§ **Input material**:
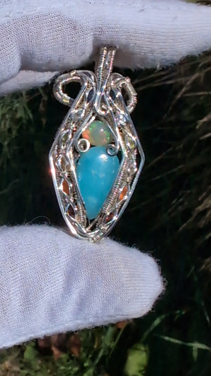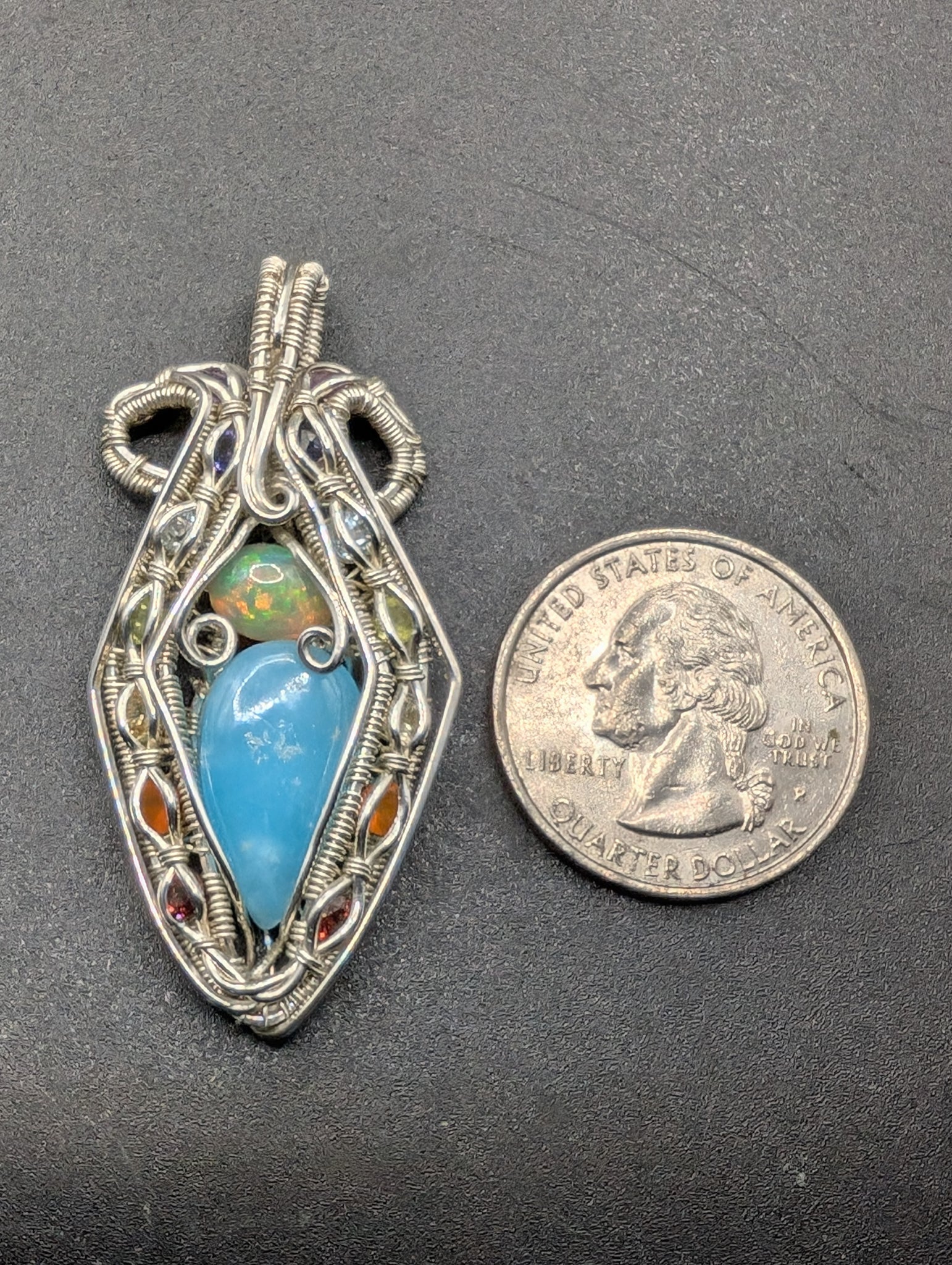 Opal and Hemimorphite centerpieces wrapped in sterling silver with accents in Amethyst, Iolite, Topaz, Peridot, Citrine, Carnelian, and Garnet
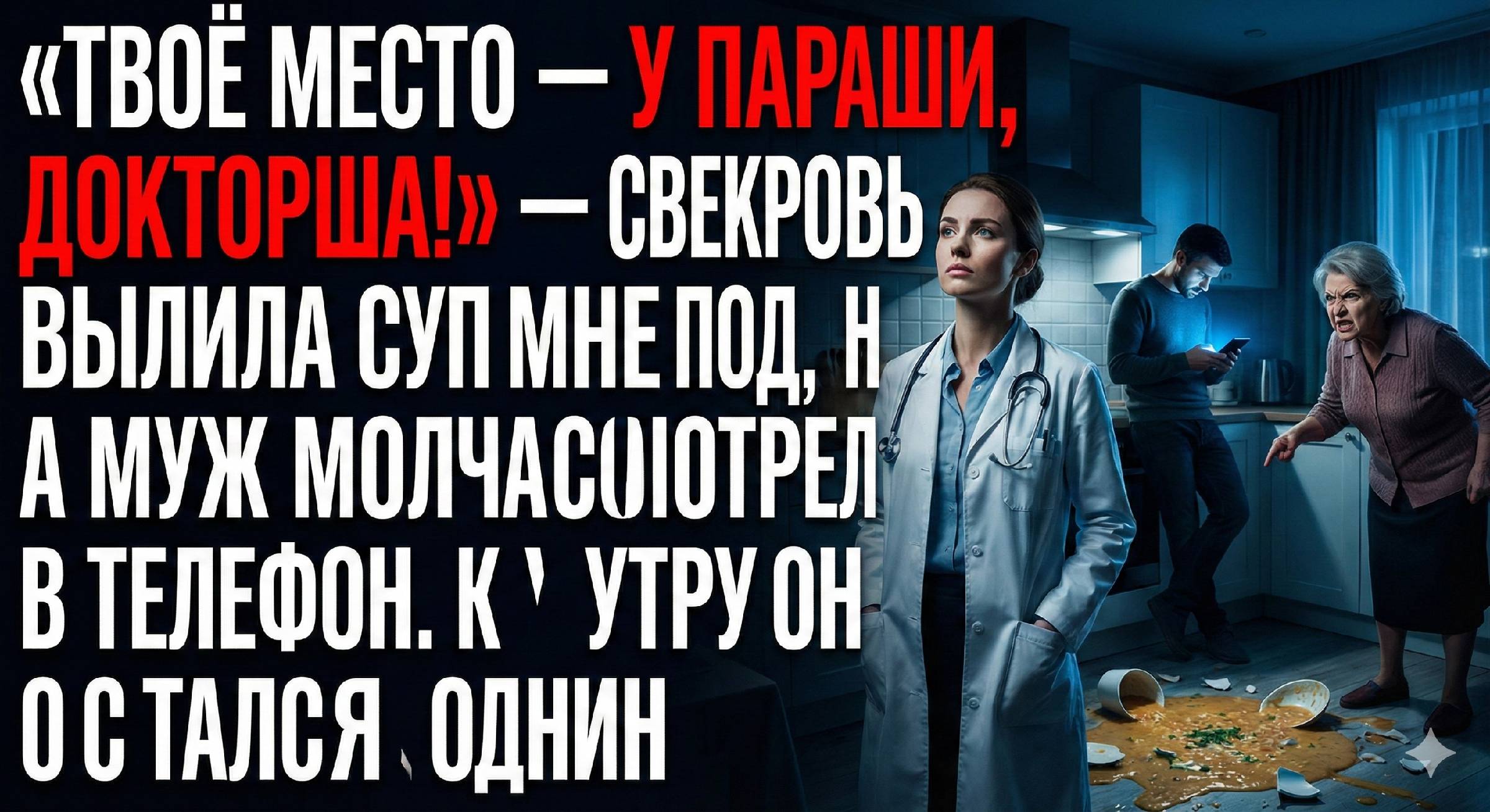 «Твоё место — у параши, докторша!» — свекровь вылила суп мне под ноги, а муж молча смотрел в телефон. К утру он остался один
---
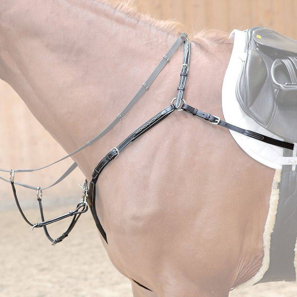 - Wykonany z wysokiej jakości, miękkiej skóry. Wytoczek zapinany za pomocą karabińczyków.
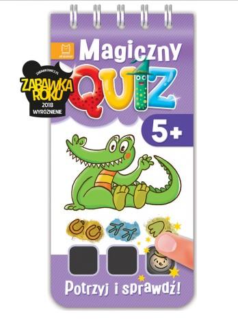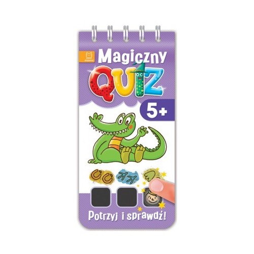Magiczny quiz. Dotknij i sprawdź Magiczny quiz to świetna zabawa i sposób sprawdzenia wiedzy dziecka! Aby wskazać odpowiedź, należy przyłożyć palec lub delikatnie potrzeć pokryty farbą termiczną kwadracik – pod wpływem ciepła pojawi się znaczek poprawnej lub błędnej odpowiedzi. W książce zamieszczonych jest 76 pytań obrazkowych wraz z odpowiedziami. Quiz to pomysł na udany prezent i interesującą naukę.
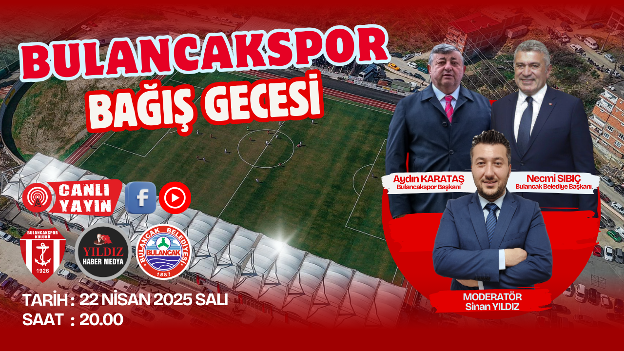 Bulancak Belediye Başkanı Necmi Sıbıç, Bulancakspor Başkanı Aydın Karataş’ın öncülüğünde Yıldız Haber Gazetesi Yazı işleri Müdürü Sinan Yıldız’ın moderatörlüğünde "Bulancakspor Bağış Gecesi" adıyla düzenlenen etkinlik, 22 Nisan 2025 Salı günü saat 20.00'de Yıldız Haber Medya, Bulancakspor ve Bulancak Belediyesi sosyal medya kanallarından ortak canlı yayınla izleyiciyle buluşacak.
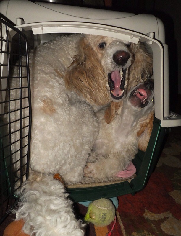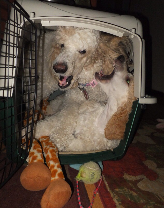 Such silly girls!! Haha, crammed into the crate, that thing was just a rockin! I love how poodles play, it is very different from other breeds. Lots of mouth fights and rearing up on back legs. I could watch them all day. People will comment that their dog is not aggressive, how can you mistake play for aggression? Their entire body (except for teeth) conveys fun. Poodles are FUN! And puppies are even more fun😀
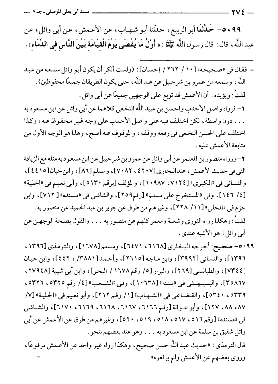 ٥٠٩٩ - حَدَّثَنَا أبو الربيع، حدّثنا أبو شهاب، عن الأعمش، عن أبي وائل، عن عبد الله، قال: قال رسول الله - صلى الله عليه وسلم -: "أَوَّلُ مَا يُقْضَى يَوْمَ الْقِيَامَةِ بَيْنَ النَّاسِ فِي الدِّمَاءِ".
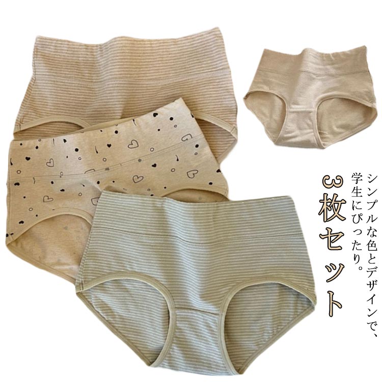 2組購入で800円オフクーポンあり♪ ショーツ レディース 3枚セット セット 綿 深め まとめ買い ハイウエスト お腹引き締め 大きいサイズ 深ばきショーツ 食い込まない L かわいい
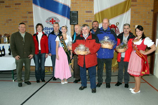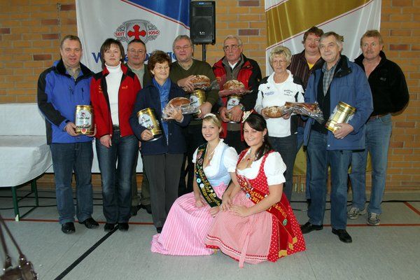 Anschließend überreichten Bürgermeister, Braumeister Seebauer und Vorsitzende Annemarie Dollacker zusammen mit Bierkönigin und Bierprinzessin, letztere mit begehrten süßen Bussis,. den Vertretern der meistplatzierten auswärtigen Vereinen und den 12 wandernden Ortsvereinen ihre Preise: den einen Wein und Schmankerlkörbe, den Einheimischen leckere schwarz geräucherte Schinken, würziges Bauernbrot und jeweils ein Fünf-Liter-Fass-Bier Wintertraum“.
...
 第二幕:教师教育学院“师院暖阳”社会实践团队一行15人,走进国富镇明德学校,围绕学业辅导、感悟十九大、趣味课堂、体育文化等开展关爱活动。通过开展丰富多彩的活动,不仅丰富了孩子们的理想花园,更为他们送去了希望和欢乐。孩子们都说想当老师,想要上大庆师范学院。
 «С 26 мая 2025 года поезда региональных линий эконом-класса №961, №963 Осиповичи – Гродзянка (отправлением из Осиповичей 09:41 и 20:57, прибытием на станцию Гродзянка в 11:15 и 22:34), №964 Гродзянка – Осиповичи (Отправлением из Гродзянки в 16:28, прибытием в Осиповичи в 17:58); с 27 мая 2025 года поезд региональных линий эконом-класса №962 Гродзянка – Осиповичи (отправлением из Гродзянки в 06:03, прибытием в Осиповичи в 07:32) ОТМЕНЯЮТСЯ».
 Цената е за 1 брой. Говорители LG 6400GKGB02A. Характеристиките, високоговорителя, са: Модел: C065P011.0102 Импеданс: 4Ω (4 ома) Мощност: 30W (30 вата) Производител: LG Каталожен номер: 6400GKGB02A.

§ **What is required**: Could the stretch from the line with "Magiczny quiz. Dotknij" through the line with "2組購入で800円オフクーポンあり♪ ショーツ レディース" in the listing above be restated word for word, minus the pictures?

§ **Written reply**:
Magiczny quiz. Dotknij i sprawdź Magiczny quiz to świetna zabawa i sposób sprawdzenia wiedzy dziecka! Aby wskazać odpowiedź, należy przyłożyć palec lub delikatnie potrzeć pokryty farbą termiczną kwadracik – pod wpływem ciepła pojawi się znaczek poprawnej lub błędnej odpowiedzi. W książce zamieszczonych jest 76 pytań obrazkowych wraz z odpowiedziami. Quiz to pomysł na udany prezent i interesującą naukę.
 Bulancak Belediye Başkanı Necmi Sıbıç, Bulancakspor Başkanı Aydın Karataş’ın öncülüğünde Yıldız Haber Gazetesi Yazı işleri Müdürü Sinan Yıldız’ın moderatörlüğünde "Bulancakspor Bağış Gecesi" adıyla düzenlenen etkinlik, 22 Nisan 2025 Salı günü saat 20.00'de Yıldız Haber Medya, Bulancakspor ve Bulancak Belediyesi sosyal medya kanallarından ortak canlı yayınla izleyiciyle buluşacak.
 Such silly girls!! Haha, crammed into the crate, that thing was just a rockin! I love how poodles play, it is very different from other breeds. Lots of mouth fights and rearing up on back legs. I could watch them all day. People will comment that their dog is not aggressive, how can you mistake play for aggression? Their entire body (except for teeth) conveys fun. Poodles are FUN! And puppies are even more fun😀
 ٥٠٩٩ - حَدَّثَنَا أبو الربيع، حدّثنا أبو شهاب، عن الأعمش، عن أبي وائل، عن عبد الله، قال: قال رسول الله - صلى الله عليه وسلم -: "أَوَّلُ مَا يُقْضَى يَوْمَ الْقِيَامَةِ بَيْنَ النَّاسِ فِي الدِّمَاءِ".
 2組購入で800円オフクーポンあり♪ ショーツ レディース 3枚セット セット 綿 深め まとめ買い ハイウエスト お腹引き締め 大きいサイズ 深ばきショーツ 食い込まない L かわいい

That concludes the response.